Breath, Body, Emotion, Mind: A Practical Path for Parents and Teachers to Model Resilience
- Give N' Grow
- May 1
- 3 min read
When Mike Delaney talks about social emotional learning, it’s never just theory. It’s lived experience — decades of working in education, parenting, supporting individuals with intellectual disabilities, and now helping adults and children build meaningful practices for self-awareness and connection.
In this episode of the Give N' Grow Podcast, Mike sits down with Give N’ Grow founder Ben Cecchini to reflect on what it really takes to raise mentally healthy, emotionally resilient kids — and how much of that starts with our own internal work as adults.
SEL Begins with Relationships, Not Just Information
Mike shares a compelling example from his capstone project, working with adults with intellectual disabilities in Carrollton, Kentucky. “They don’t communicate verbally for the most part — and they don’t communicate with pictures either,” he explains. “They communicate relationally.”
This idea cuts to the core of social emotional learning. It's not just about downloading information or presenting the right visuals. As Mike puts it, “They will follow that person’s lead... there's safety in numbers when you trust who’s around you.” In other words, modeling matters more than explaining.

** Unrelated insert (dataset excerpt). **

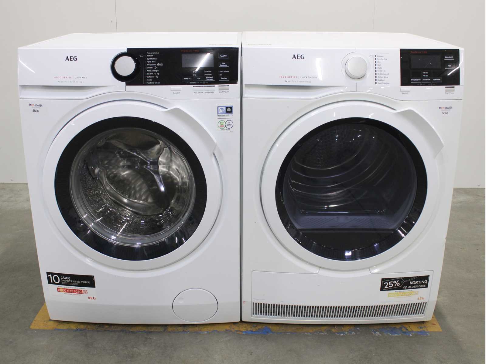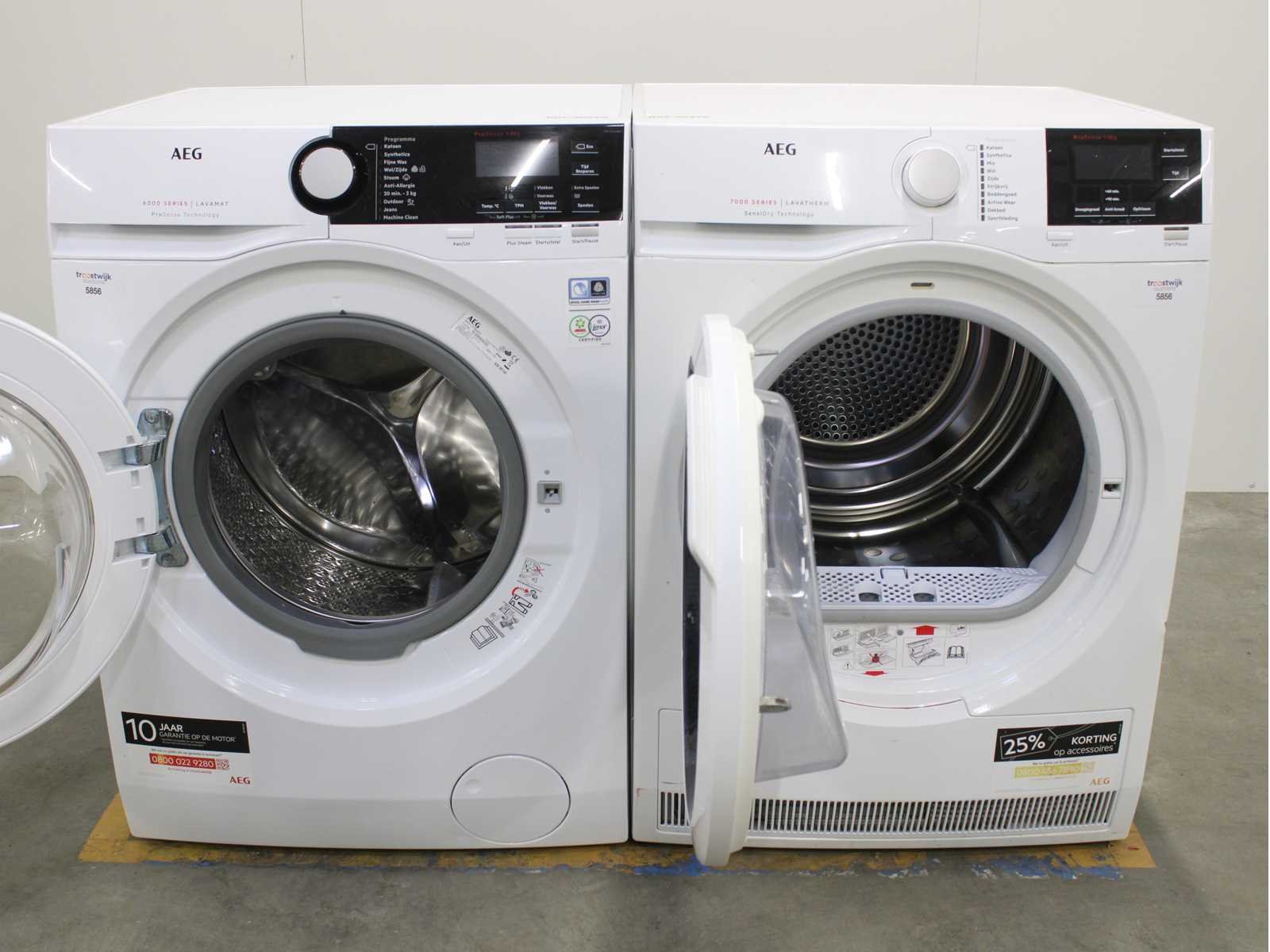 Deze wasmachine en wasdroger komen uit een partij jong gebruikt A-Merk witgoed. De machines zijn volledig getest, gereinigd en indien nodig gerepareerd. Houdt er rekening mee dat de machines lichte gebruikssporen kunnen hebben. Wasmachines en wasdrogers hebben vaak standaard afmetingen. Hoogte 85cm, Breedte 60cm en Diepte 60 tot 70cm, incl. uitstekende slangen e.d. aan de achterzijde. Als de machine vrij komt te staan is de afmeting minder relevant. Wil je de machine in een nis plaatsen of inbouwen? Controleer dan de exacte afmetingen op basis van het aangeboden merk en model/type. Within 7 days Merk: AEG Serienummer: L7FB84EW en T7DB83GW

This resonates deeply in a world saturated with information but often lacking connection. From a developmental standpoint, children learn by watching — and especially from those they’re emotionally bonded to. Neuroscience backs this up: mirror neurons in the brain allow children to mimic the emotional states and behaviors of caregivers, not just their words.

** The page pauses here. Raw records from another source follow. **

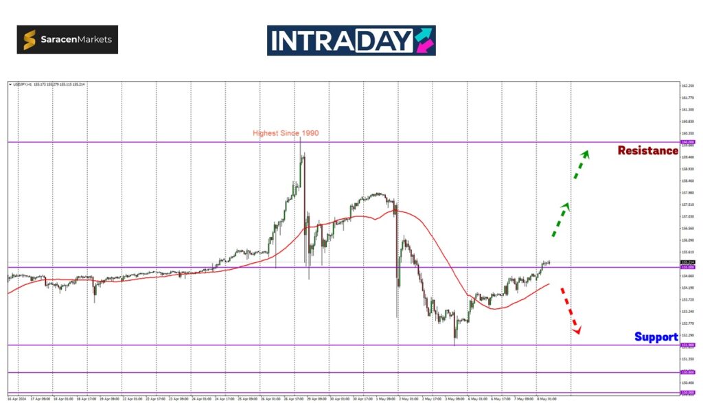 Sekiranya harga berjaya mengekalkan pemulihan, harga akan meneruskan pendakian ke paras tumpuan pada 158.00 sebelum zon 160.00 akan kembali menjadi sasaran untuk dicapai.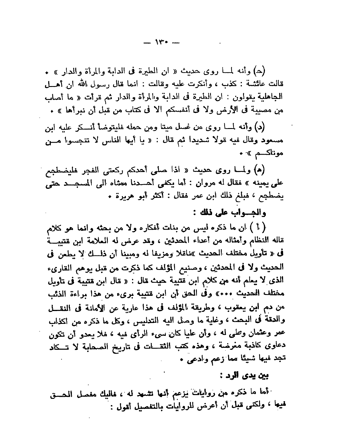 أ) إن ما ذكره ليس من بنات أفكاره ولا من بحثه وإنما هو كلام قاله النَظَّامِ وأمثاله من أعداء المُحَدِّثِينَ، وقد عرض له العَلاَّمَةُ ابن قتيبة في " تأويل مختلف الحديث " ناقلاً وَمُزَيِّفًا لَهُ وَمُبَيِّنًا أن ذلك لا يطعن في الحديث ولا في المُحَدِّثِينَ، وصنيع المؤلف كما ذكرت من قبل يوهم القارئ الذي لا يعلم أنه من كلام ابن قتيبة حيث قال: «قال ابن قتيبة في تأويل مختلف الحديث .... » وفي الحق أن ابن قتيبة بريء من هذا براءة الذئب من دم ابن يعقوب، وطريقة المؤلف في هذا عارِيةَ عن الأمانة في النقل والدقة في البحث، وغاية ما وصل إليه التدليس، وكل ما ذكره من إكذاب عمر وعثمان وَعَلِيٍّ له، وأن عَلِيًّا كان سيئ الرأي فيه، فلا يعدو أن تكون دعاوى كاذبة مغرضة، وهذه كتب الثقات في تاريخ الصحابة لا تكاد تجد فيها شيئا مِمَّا زعم وَادَّعَى.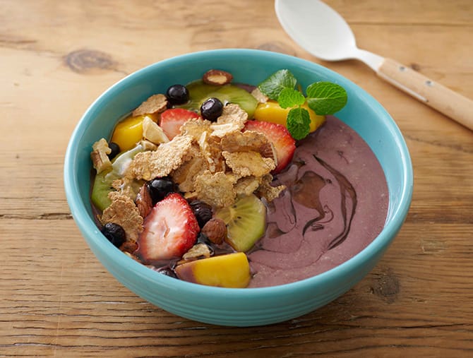 アサイーヨーグルトボウルは冷凍のアサイーピューレを使っているので忙しい朝でも手軽に作ることができます。アサイーはポリフェノールや鉄分などの栄養素が多く含まれている「スーパーフード」。はちみつをかけて甘くしたり、シリアルを入れて食感を楽しんだりとアレンジを楽しめる一品です。
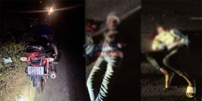इस्लामपुर (नालंदा दर्पण)। खुदागंज थाना क्षेत्र के सकरबिगहा गांव के पास बीती देर रात एक भयावह सड़क हादसे ने दो युवा जिंदगियां छीन लीं। बाइक पर सवार कोचरा गांव निवासी नगीना कुमार पिता राम प्रवेश रविदास और जहानाबाद जिला के काको थाना क्षेत्र निवासी रवि कुमार पिता शक्ति दास की मौके पर ही दर्दनाक मौत हो गई।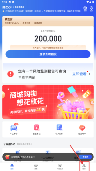 1、打開(kāi)融360金融應(yīng)用,點(diǎn)擊底部我的選項(xiàng),進(jìn)入個(gè)人中心頁(yè)面。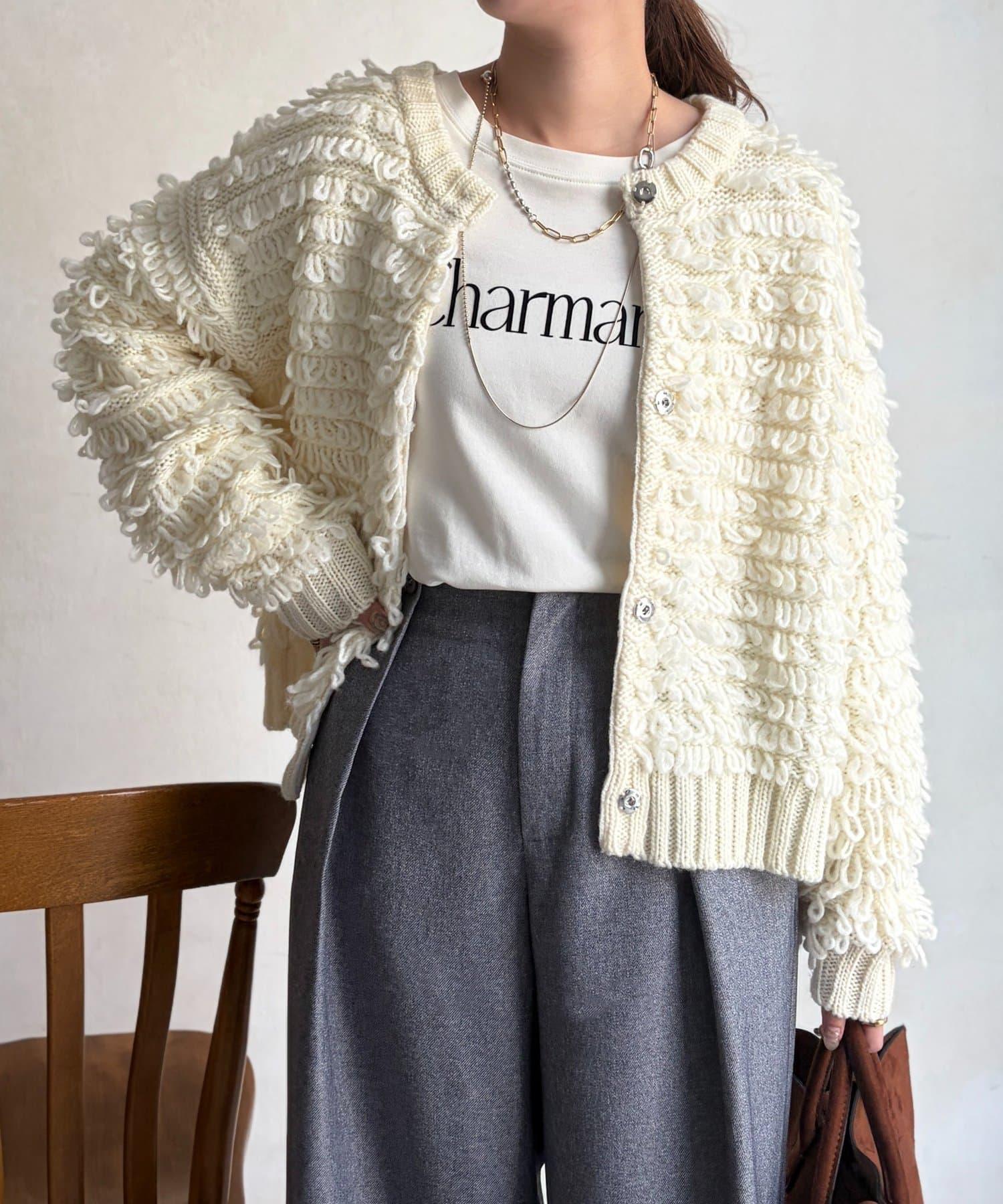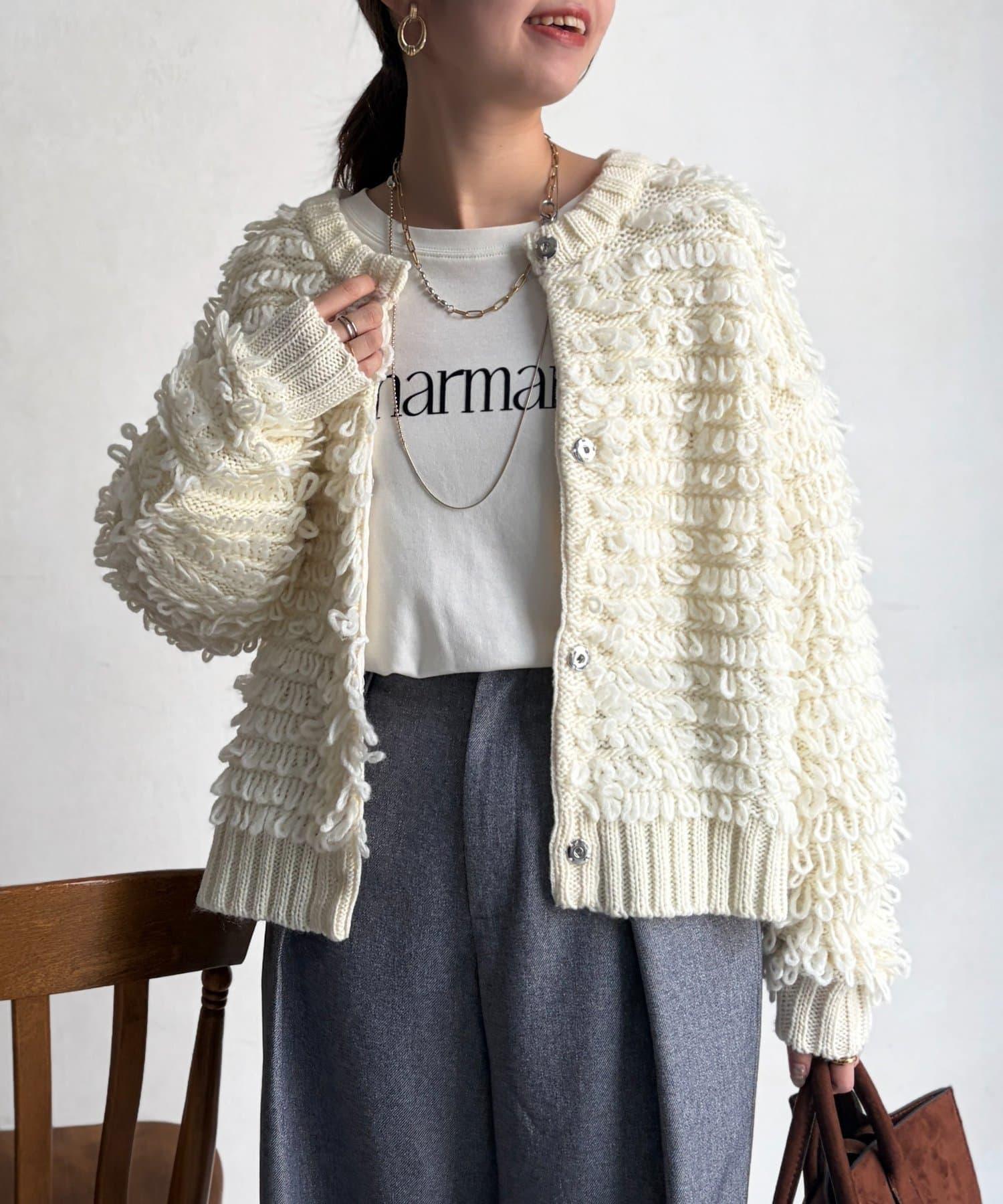 這款開衫可作為輕薄型編織物使用,因此在居家、外出和日常造型等多種場景中均可期待成功!

A Daily Practice of Grounding: Mike’s 4-Part Check-In
One of the most valuable tools Mike shares is his self-check practice — a simple but profound daily habit that helps him stay grounded and self-aware. It includes:
Breath – How am I breathing?
Body – How does my body feel?
Emotions – What am I feeling, and is it okay to feel this way?
Mind – What thoughts are passing through?

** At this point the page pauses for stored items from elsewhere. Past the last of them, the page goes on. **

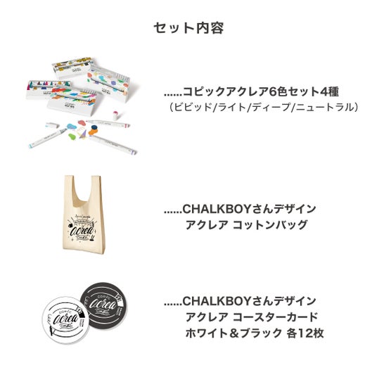 新製品の水性マーカー「コピック アクレア」全24色をセットにした限定商品を発売します。人気イラストレーターのCHALKBOYさんのデザインがプリントされたコットンバッグとコースターカード6枚パックが付いており、文具女子博限定のお得なセットとなっております。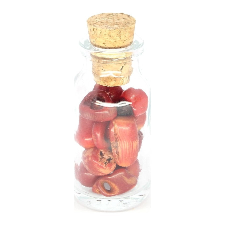 Flesje 4 cm groot met rode koraal steentjes (8 - 12mm). De energie* van rode Koraal brengt levensvreugde, kracht, meer energie en vermindert sociale angsten en spanningen. Ze ontlaadt opgekropte gevoelens, brengt ze in evenwicht en helpt deze positief te kanaliseren.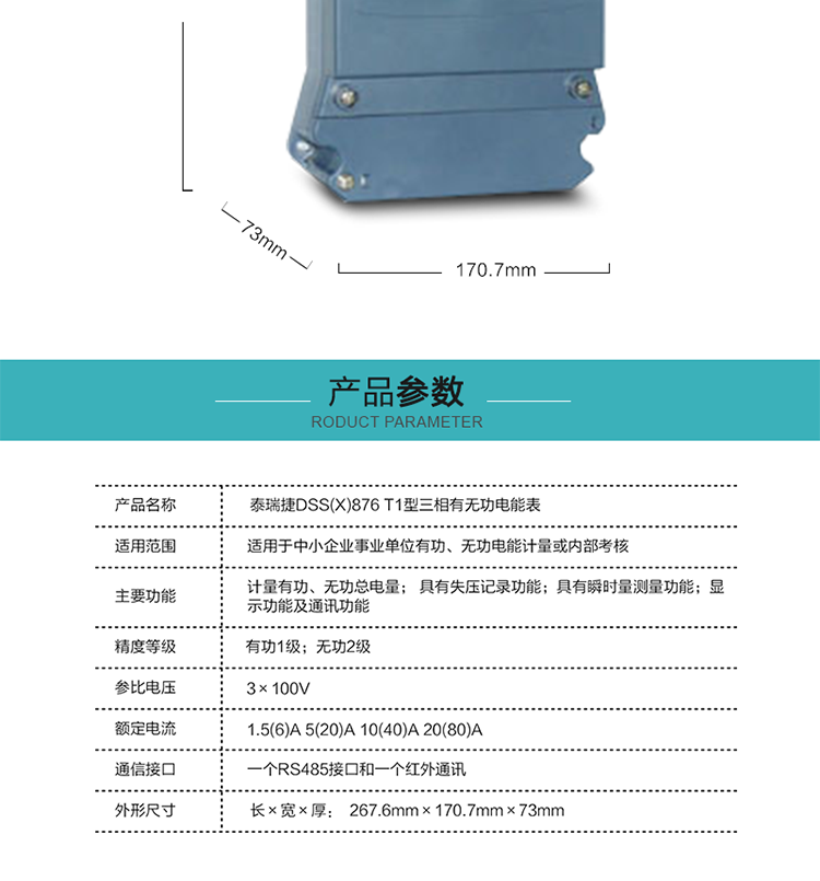 深圳航天泰瑞捷DSS(X)876 T1電能表技術特點及功能說明

This framework helps Mike notice when he’s dysregulated and gives him the space to choose how to respond. It also allows him to model healthy emotional habits for his children and grandchildren. “They may not do everything I say, but they watch everything I do,” he says.
The practice connects to his training with Breathe for Change, which blends yoga, mindfulness, and SEL for educators. The emphasis on breath as a gateway to emotional insight mirrors current research in polyvagal theory, which shows how our breath links directly to the nervous system — and can help regulate our response to stress.
Vulnerability, Self-Talk, and the Power of Showing Up
Mike doesn't shy away from talking about vulnerability — especially for men. “I just read over the weekend that men don’t like the word ‘vulnerability,’ but it builds trust with your children,” he says. As Ben shares from his own experience speaking in schools, when adults are vulnerable, it creates relatability — and that turns into connection.
Mike also talks openly about learning to manage anger. Not by suppressing it, but by becoming more aware of it and learning when to act. “Sometimes people would steamroll me. And I should’ve stood up — but I wasn’t aware enough,” he reflects. His practice of pausing, sleeping on decisions, and cycling through emotions before reacting is part of a bigger shift toward emotional maturity.
And at the heart of it all is how we talk to ourselves. “Affirmations — like 'I am worthy' or 'I am deserving' — really do go a long way,” Mike says. He points out the difference between self-care and self-indulgence. Sometimes, the best self-care isn’t a luxury, but a boundary: choosing sleep over pushing through. “I suffered too much in my adult years sleep-deprived. I’m very intentional now about getting seven hours.”
Teaching is the Best Way to Learn
Perhaps the most powerful message in the episode comes as Mike reflects on his role as a parent and grandparent. “The best way to practice these things and to learn them is to teach them,” he says. “But I don’t mean ‘do as I say, not as I do.’ Children are learning from what they see you do.”
Mike’s reminder is a call to action — not for perfection, but for presence. To breathe. To check in. To regulate before reacting. And to remember that every small act of awareness we model becomes part of the emotional blueprint we hand down to our kids.
“We don’t need to be perfect,” Mike says. “We just keep showing up for the practice.”